14 DAY TRIAL // Named after a mythical Phoenician noblewoman, Jupiter's sixth moon, Europa, may be among the safest bets in the solar system, in terms of having the ability to sustain life as we know it, astronomers have recently announced. In the investigations, the experts determined that the massive ocean of liquid water that was flowing underneath the moon's crust might have sufficient amounts of oxygen to allow for the basic processes related to primordial life to take place, Space reports.

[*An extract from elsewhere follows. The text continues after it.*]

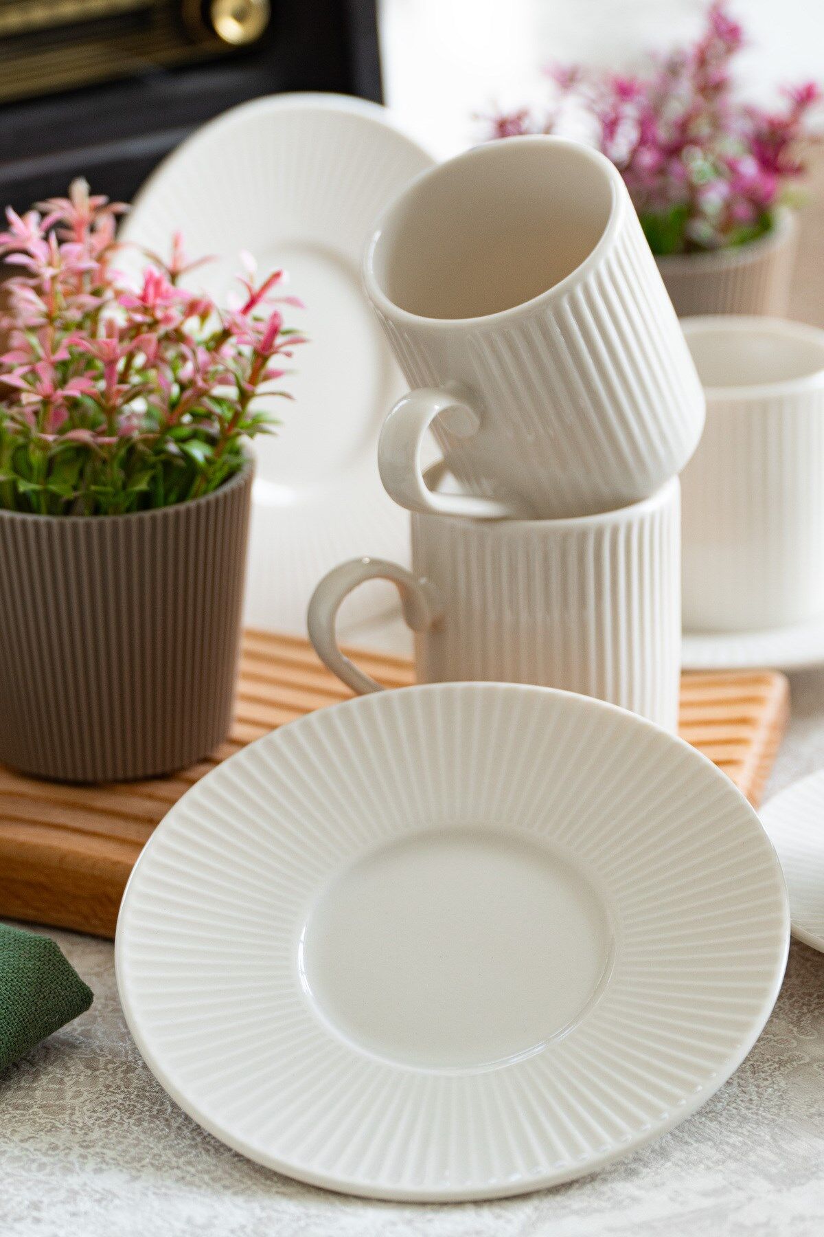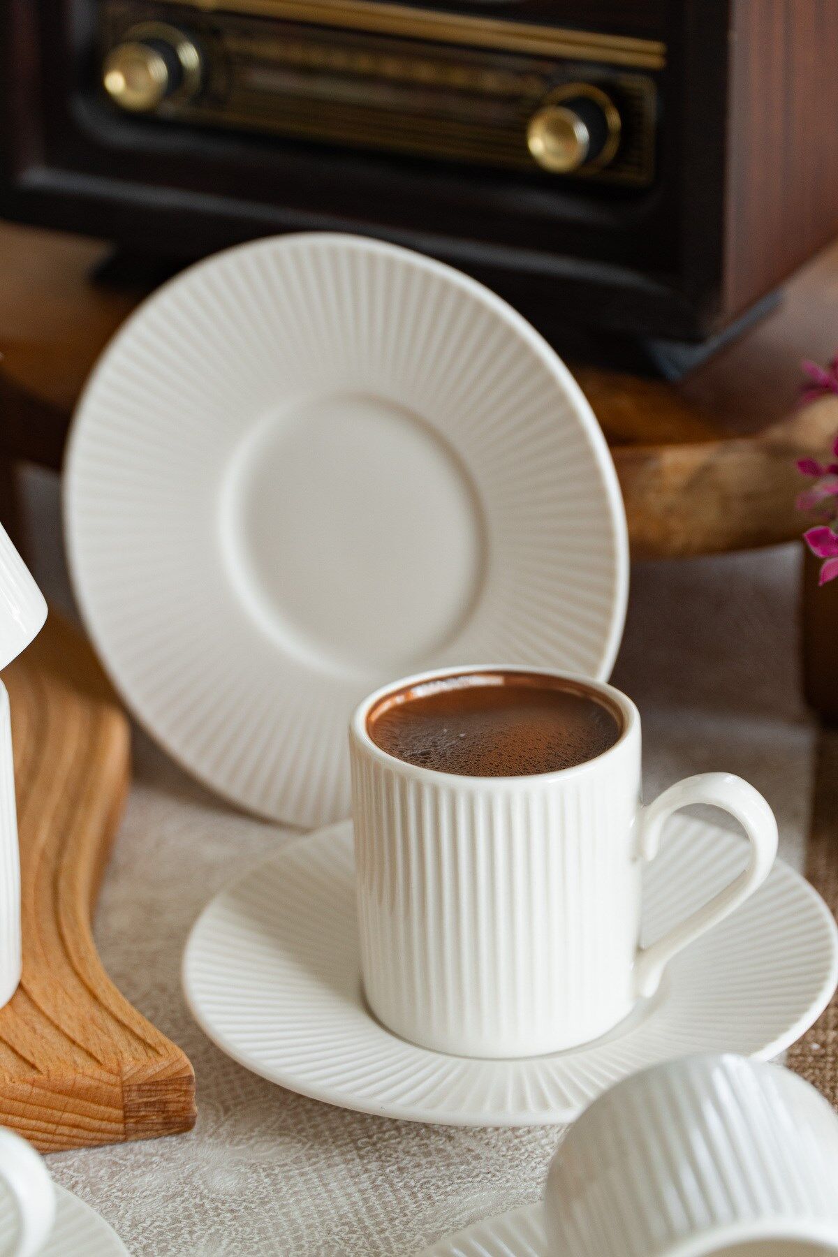 - Modern tasarımıyla dikkat çeken Elif 12 Parça Porselen Kahve Fincan Takımı, şıklığı ve zarafeti sofralarınıza taşır.; - 6 kişilik kapasitesiyle aile ve arkadaş toplantılarınızda ideal bir seçimdir; herkes için ayrı bir fincan sunar.; - Her bir fincan 100 ml hacme sahiptir, böylece kahvenizi tam istediğiniz ölçüde keyifle yudumlayabilirsiniz.; - Türkiye'de üretilen bu porselen kahve fincan takımı, yerel işçiliği ve kaliteyi ön plana çıkarır.; - 12 parça set içeriği ile hem günlük kullanım hem de özel günlerde rahatlıkla tercih edilebilir; eksiksiz bir set sunar.;

In spite of promising results obtained through observations of other celestial bodies in the solar system, such as the moon Enceladus, Europa has always remained the best bet for finding life on another celestial body except the Earth. Its ocean is estimated to flow several miles beneath its crust, but scientists argue that it may be sufficiently developed to allow for basic microorganisms to exist. Naturally, organisms powered by exotic chemical reactions involving sulfur and methane are possible, but highly unlikely.
Because the moon is completely covered in oceans, its volume of water may, in fact, be twice as large as that of all our planet's oceans combined. It may be that oxygen forms underground due to large-scale interactions between the water molecules and high-energy photons emanating from the Sun. Ensuing chemical reactions could result in other types of elementary particles and in oxygen, planetary scientists believe. Another peculiarity that Europa has is the fact that its surface is only 50 million years old, which is very little by geological standards. The surface is also in a constant state of renewal.
University of Arizona in Tucson (UAT) expert Richard Greenberg spent a large amount of time studying the surface of Jupiter's satellite, in an attempt to determine whether oxygen indeed existed and in what concentrations. Using estimative models, he determined that the rate of oxygenation in Europa's underground could exceed that of the Earth's waters within only a few million years, He also determined that oxygen concentrations might already be sufficiently large to allow for the existence of more complex lifeforms than bacteria.